Financial discussions have long been considered inappropriate, especially among older generations. This is why younger generations often find themselves responsible for starting these critical conversations.

Instead of talking about “the speech” as just one conversation, Braxton encouraged people to think of it as a “series of conversations.”

“It's not about parenting,” Braxton said. “It gives them a chance to be proud of what they've done, even if they haven't done all the things they wanted to do along the way.”

Sara Stein and Lee Stein, left, chat with Bob Millhauser as they wait for Abby Millhauser to join them for dinner in the Millhausers' 940 sq. ft. utility room. ft. on April 19, 2024, in Raleigh, North Carolina. (Robert Willett/The News & Observer/Tribune News Service via Getty Images) · Raleigh News & Observer via Getty Images

First, he recommended that the younger generations consider how to improve the environment before starting a conversation with their parents.

Often, details about an elder's power of attorney for health care and assets are not discussed until a major life event or crisis arises, which can make financial discussions difficult.

Instead, it's best to start these conversations with low stakes, Braxton says.
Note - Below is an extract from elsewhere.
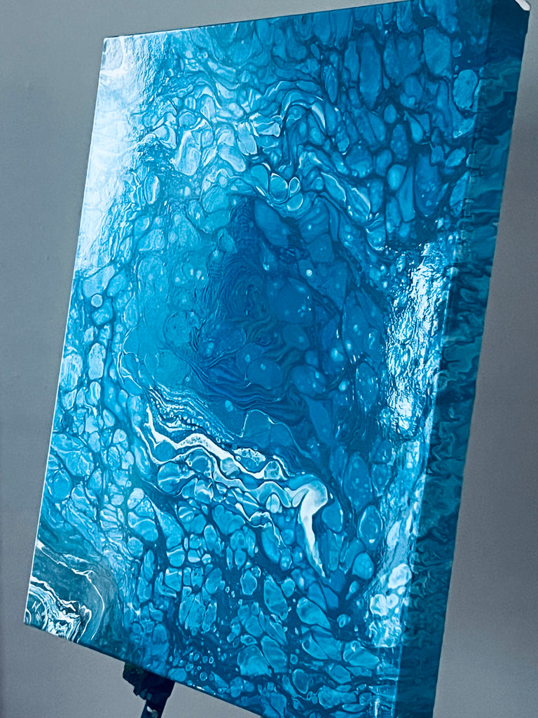 Immerse yourself in calming ocean-depth blues with this 20 x 24 in (50.8 x 60.96 cm) original abstract fluid art painting, created using the acrylic ring pouring technique. Multiple shades of deep sea blue, aqua, and shoreline-inspired tones flow together to form a mesmerizing, cell-rich pattern reminiscent of underwater currents and shifting tides.
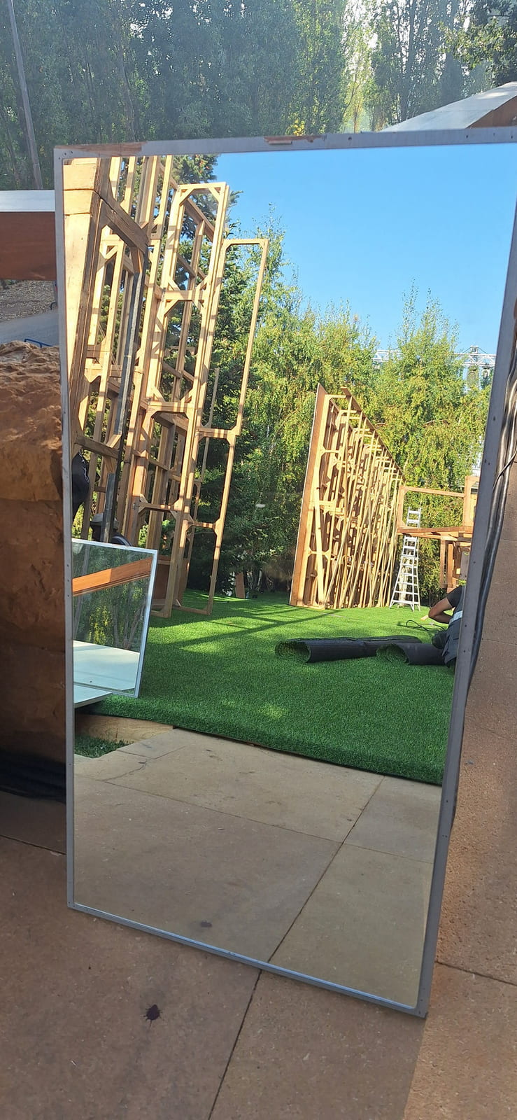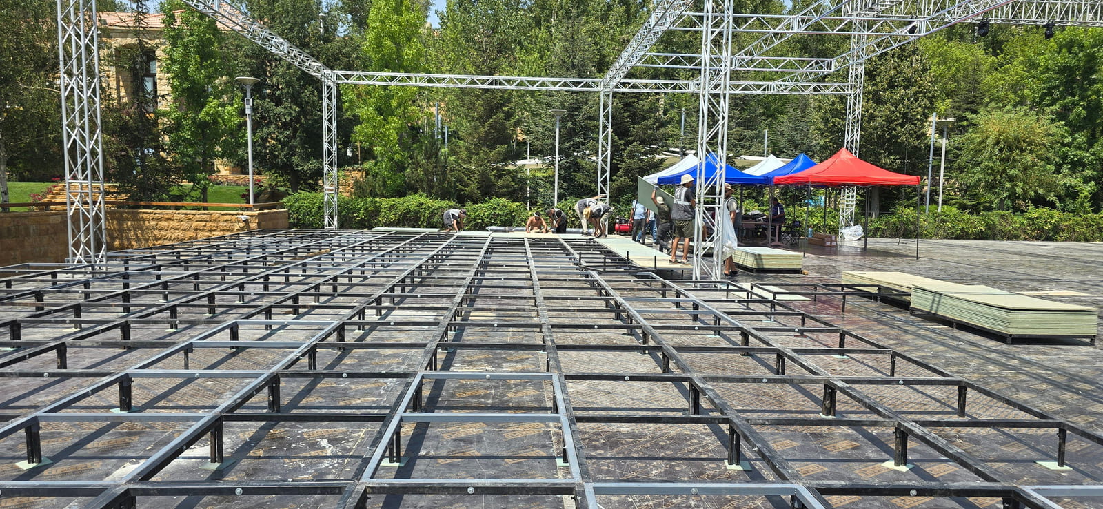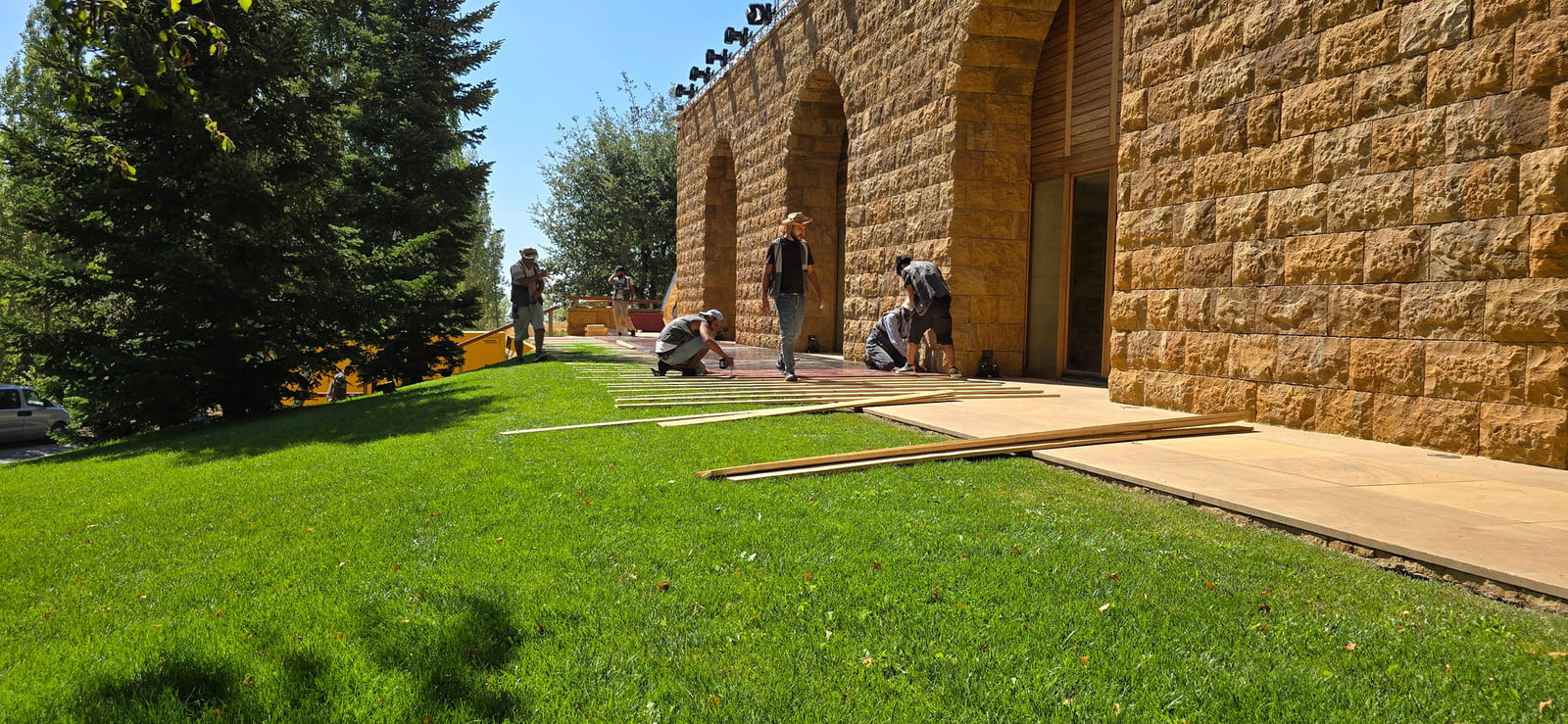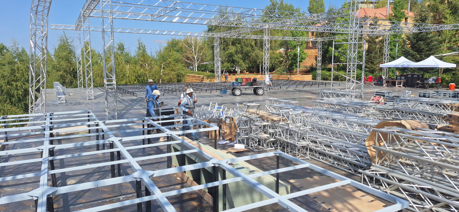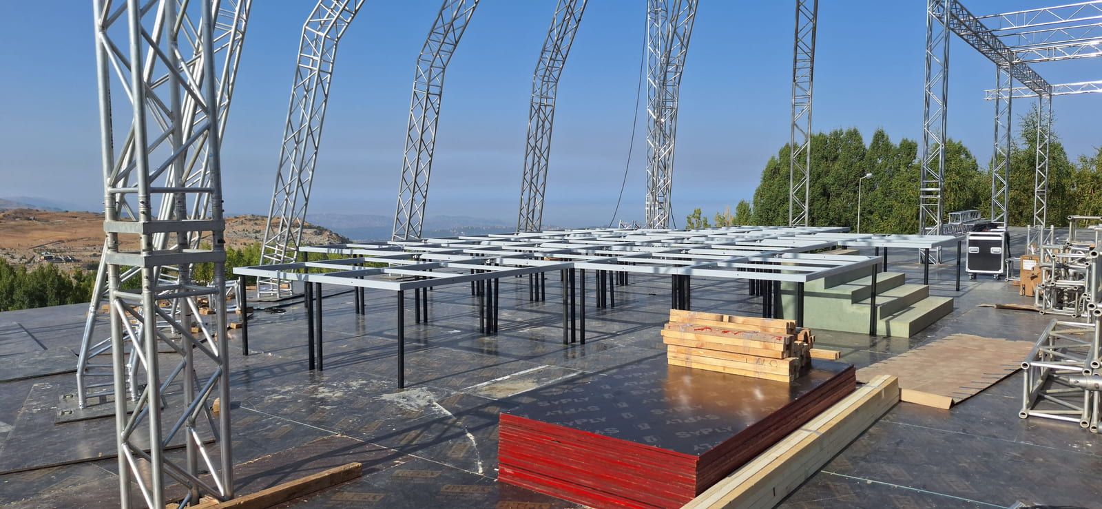 For this wedding, we installed more than 250 sqm of custom platforms covered with grass, blending natural textures with a structured layout. The floor was finished with grass and black glossy vinyl panels, forming a striking dancefloor area. A reflective-panel ceremony path and grass-covered benches completed the setup, alongside a multi-level band stage fully covered with black carpet.

He warned that approaching the conversation during a time of great stress “could set off a conversation for decades.”

It can also be helpful to have a third party, such as a financial planner, present when more details are discussed, as they can provide facts and act as a neutral player in the discussion, Braxton said. Having an expert be a part of these discussions can also help explain and define confusing terms that a person may not know when entering the discussion.

“It's very important in terms of building relationships… [to] know the trigger points and the easy points,” explained Braxton. “The issues… [shut] family member down and clear points… [give] comfort them and hope that it is safe to talk about these conversations.”